Кван улыбается ему сквозь слезы. Как ближайшая родственница Ли Бин-бин, она взвалила на себя все формальные обязательства, вызвавшись привезти тело в деревню на следующий день. Мы втроем возвращаемся в Гуйлинь.

Увидев нас, Рокки мгновенно тушит сигарету и выключает музыку. Должно быть, он уже слышал новости.

— Какое несчастье, — говорит он, — прости меня, сестра. Я должен был остановиться. Я во всем виноват.

Кван не винит его.

— Никто не виноват. В любом случае извинения бесполезны, потому что всегда слишком поздно.

Когда Рокки открывает дверцу машины, мы видим, что сова все еще сидит в своей клетке на заднем сиденье. Кван осторожно приподнимает клетку и смотрит на птицу. «Мне больше не надо взбираться на гору», — говорит она. Она ставит клетку на землю и открывает створку. Сова высовывает голову, потом выбирается наружу и спрыгивает на землю. Она вращает головой, а затем, тяжело взмахнув крыльями, улетает в сторону гор. Кван наблюдает, как она исчезает вдали. «Никаких сожалений», — говорит она. И садится в машину.

Пока Рокки прогревает двигатель, я спрашиваю Кван:

— Может, ты увидела кого-то, кто был похож на Большую Ма, когда мы проезжали мимо этого автобуса сегодня утром? Ты тогда поняла, что она умерла?

— О чем ты говоришь! Я не знала, что она умерла, пока не увидела ее йинь у каменной стены.

— А зачем ты тогда сказала, что знала?

Кван озадаченно хмурится.

— Знала что?

— Ты говорила, что знала, в глубине своей души знала с самого начала, что это правда. Ведь ты имела в виду аварию?

— А, — похоже, она наконец поняла меня, — нет, не аварию, — она вздыхает, — я сказала ей, что она говорила правду.

— А что она говорила?

Кван отворачивается к окну, и я вижу отражение лица убитого горем человека.

— Она сказала, что была неправа по поводу Желания Юной Девушки и что мои желания уже сбылись. Она всегда раскаивалась в том, что прогнала меня. Просто не могла мне это сказать, иначе я никогда не оставила бы ее и упустила бы свой шанс на лучшую жизнь.

Я мучительно подбираю слова утешения.

— По крайней мере, ты все еще способна ее видеть.

— А?

— Я имею в виду ее йинь. Она может приходить к тебе.

Кван по-прежнему смотрит в окно.

— Но ведь это не то же самое. Мы уже не сможем творить новые воспоминания. Мы не сможем изменить прошлое. Только в следующей жизни… — Она тяжело выдыхает, силясь освободиться от тяжести невысказанных слов.

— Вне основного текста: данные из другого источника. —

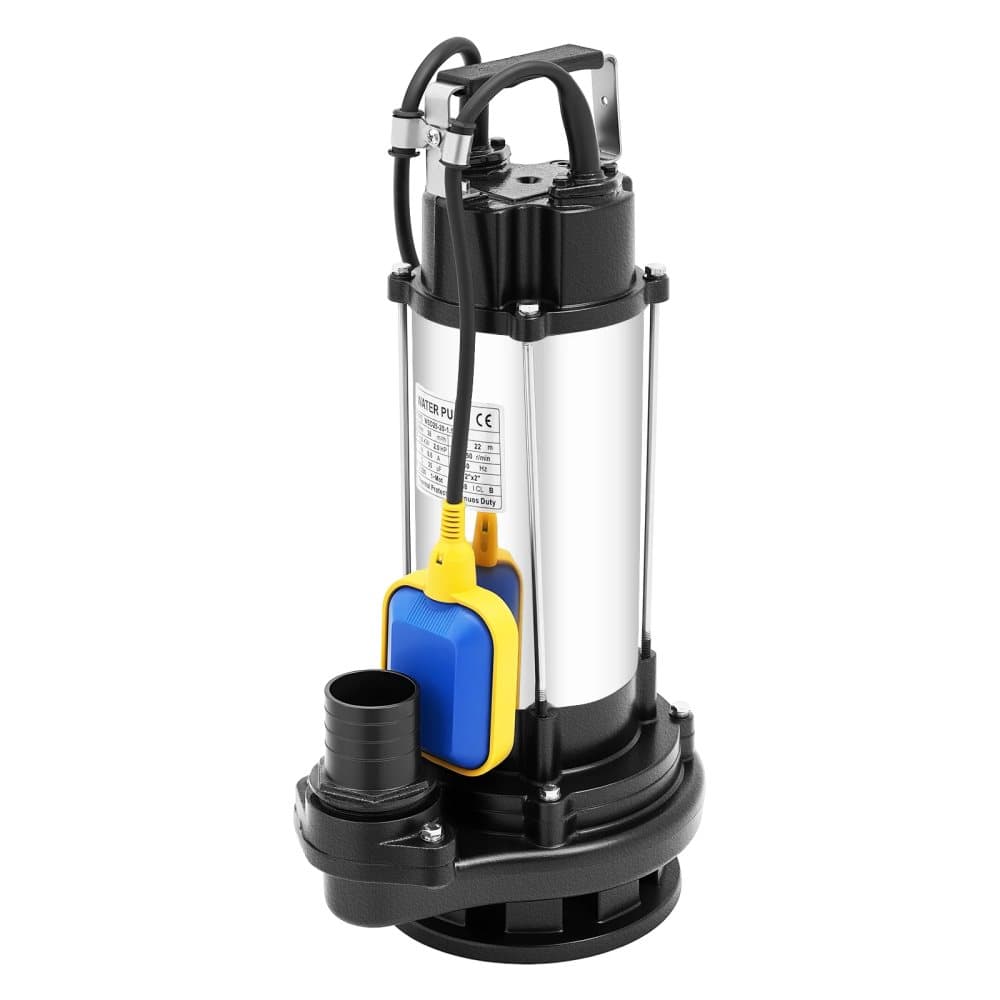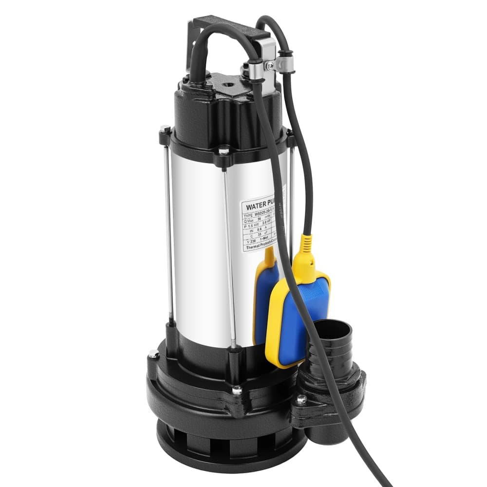 Smutsvattenpump - Dränkbar Pump - 1,5 kW, Rostfritt Stål, Flottörbrytare, 2850 varv/min, För Industri och Hem - Svart
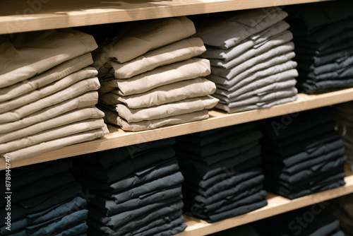 © Wongsakorn, Obraz premium Stack of cotton colorful clothes on table in cloth store.
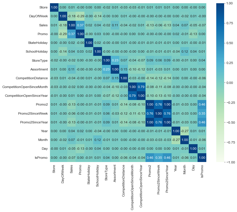1 2 3 plt.figure(figsize=(12 , 10 )) plt.rcParams['font.size' ] = 12 sns.heatmap(df_train.corr(), annot=True , cmap='GnBu' , fmt='.2f' , vmin=-1 , vmax=1 )
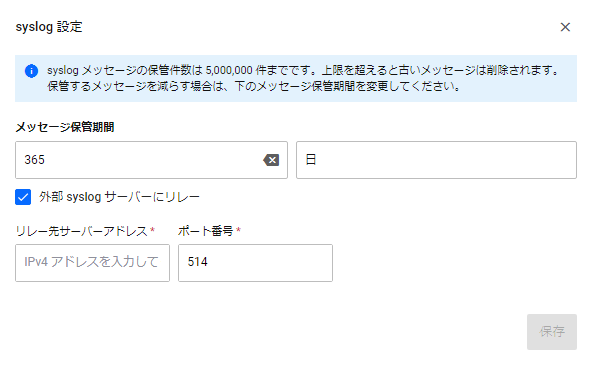 syslog | 保存しているsyslogメッセージに使用している領域の容量を表示します。 |
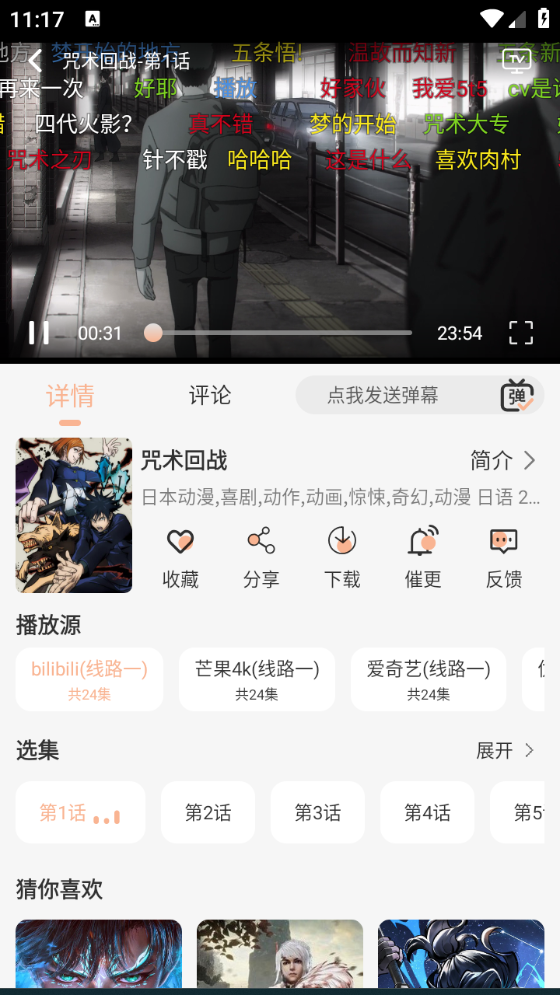 6、选择好动漫直接点开,选择集数即可观看啦!可以看弹幕哦。
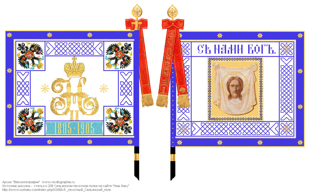 14 июня 1905 года полку даровано юбилейное знамя образца 1900 года. Кайма светло-синяя, шитье золотое. Знамя имело навершие образца.1857 года, древко чёрное. На лицевой стороне знамени изображение Спаса Нерукотворного. На оборотной стороне даты "1805-1905". На Александровской юбилейной ленте надписи: "1905 ГОДА" и "1805 г. КАСПIЙСКIЙ МОРСКОЙ БАТАЛIОНЪ". По материалам работы Т.Шевякова "Знамена и штандарты Русской армии в Великой войне (рукопись)"; (см.также tarlith-history.livejournal.com). Увеличенный рисунок воспоизводится по иллюстрации к статье о Сальянском полке на сайте "Наш Баку" |
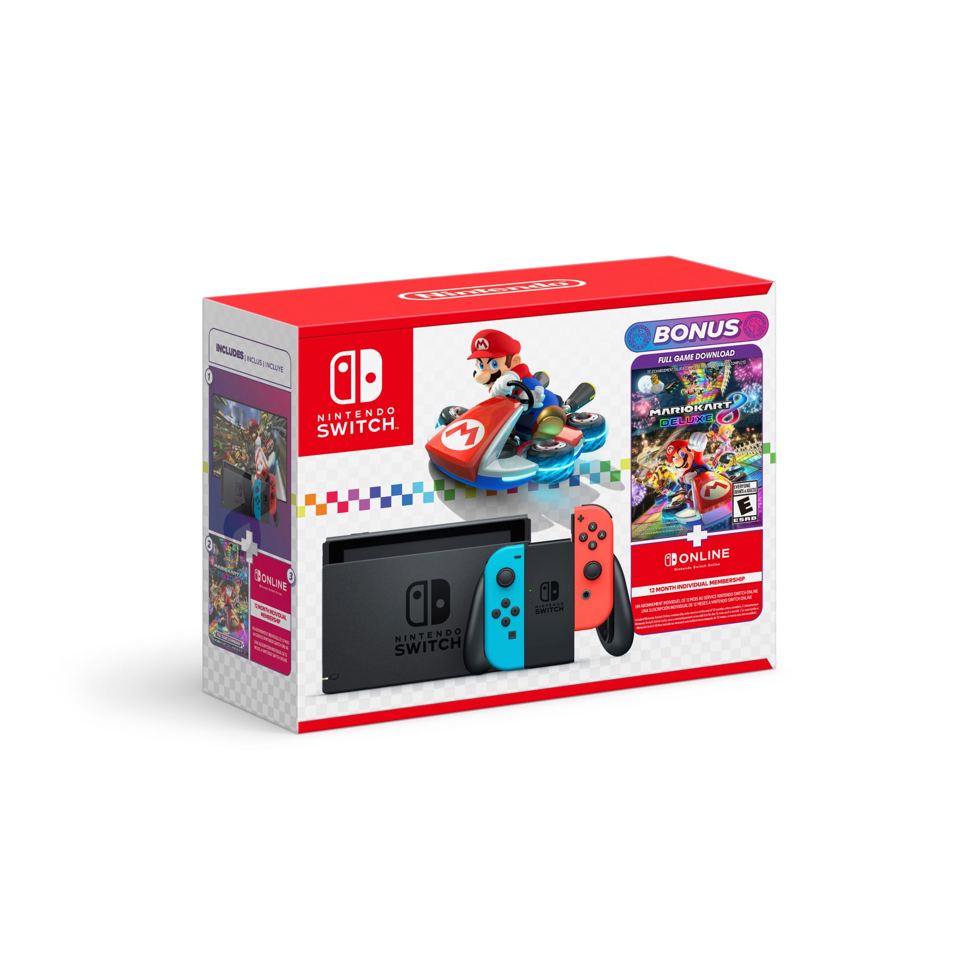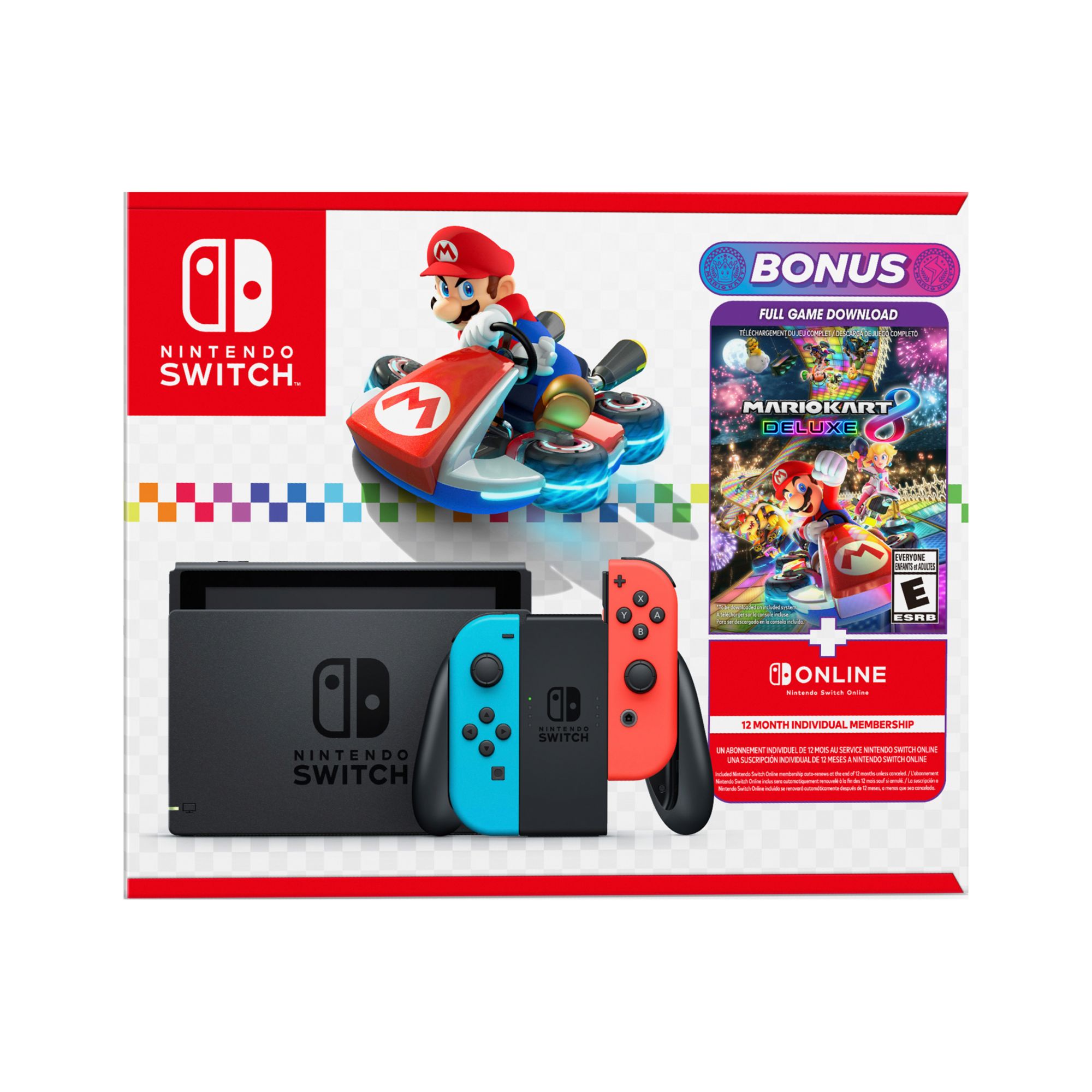 Zoom into the world of Mario and friends. This bundle has everything you need to start your Super Mario adventures, including a Nintendo Switch system with Neon Red and Neon Blue Joy-Con controllers. Plus, enjoy an added $79.99 value with a download code for the Mario Kart 8 Deluxe game and 12 months of Nintendo Switch Online Individual membership. You can start multiplayer races right out of the box— just pass a Joy-Con controller to a friend and play together on the same system. Or pick up more controllers (sold separately) and get up to four people in on the fun. Play at home or on the go with one system The Nintendo Switch system is designed to go wherever you do, instantly transforming from a home console you play on TV to a portable system you can play anywhere. So you get more time to play the games you love, however you like. Burn rubber across Mushroom Kingdom courses Choose from a roster of 42 characters in the Mario Kart 8 Deluxe game. Race underwater, in the sky, upside-down in zero-G, and past the finish in 48 courses. Race players around the world with Nintendo Switch Online With the included Nintendo Switch Online membership, up to 12 people can play together online in Grand Prix, VS Race, and Battle modes. Plus, you can enjoy online play in other multiplayer games like Splatoon 3. Membership also includes access to a 100+ library of class Super NES, NES, and Game Boy games, exclusive special offers, and more. Games for the whole family Nintendo Switch systems are home to games like Super Mario Bros. Wonder, Mario Kart 8 Deluxe, and many more starring Mario and friends. And don’t forget series like Animal Crossing, The Legend of Zelda, Splatoon, Pikmin, and beyond. Features 6.2"LCD touch screen, three play modes- TV, tabletop, and handheld, Local co-op, local wireless, and online multiplayer, and Detachable Joy-Con controllers, Nintendo Switch is home to Mario games and more family-friendly series, Mario Kart 8 Deluxe includes 48 Mushroom Kingdom courses and a roster of 42 characters to race, Up to 4 players can race in local multiplayer, 2-8 players in local wireless, and 2-12 players online, Nintendo Switch Online unlocks online play, classic games, special offers, and more.

Наша машина прыгает по ухабам, и дети на игровой площадке, увидев нас, подбегают и, прижимая мордашки к забору, кричат: «Привет-пока! Привет-пока!»

15. День седьмой

Кван убита горем, я это точно знаю. Она не плачет, но когда я предложила ей заказать ужин в номер, вместо того чтобы искать на улице, где подешевле, она с радостью согласилась.

Саймон неуклюже пытается ее утешить: целует в щеку, потом уходит. Мы остаемся вдвоем в номере. Ужинаем лазаньей, двенадцать долларов за порцию, безумно дорого по китайским стандартам. Кван равнодушно смотрит в свою тарелку — словно открытая всем ветрам лодочка, бессильная перед бурей. Лазанья успокаивает меня. Мне нужно набраться сил, чтобы поддерживать Кван.

Что я должна говорить? «Большая Ма — о, она была замечательная женщина. Нам всем будет ее не хватать». Это было бы неискренне, ведь мы с Саймоном никогда ее не видели. Да и воспоминания Кван о том, как жестоко Большая Ма с ней обращалась, всегда напоминали мне материал для мемуаров «Дорогая тетушка». Но вот она сидит передо мной, оплакивая жестокую женщину, из-за которой лицо ее изуродовано шрамами. Почему мы так любим матерей, которые отказываются о нас заботиться? Неужели все мы рождаемся с пустотой в сердце, заполняя ее жалким подобием любви?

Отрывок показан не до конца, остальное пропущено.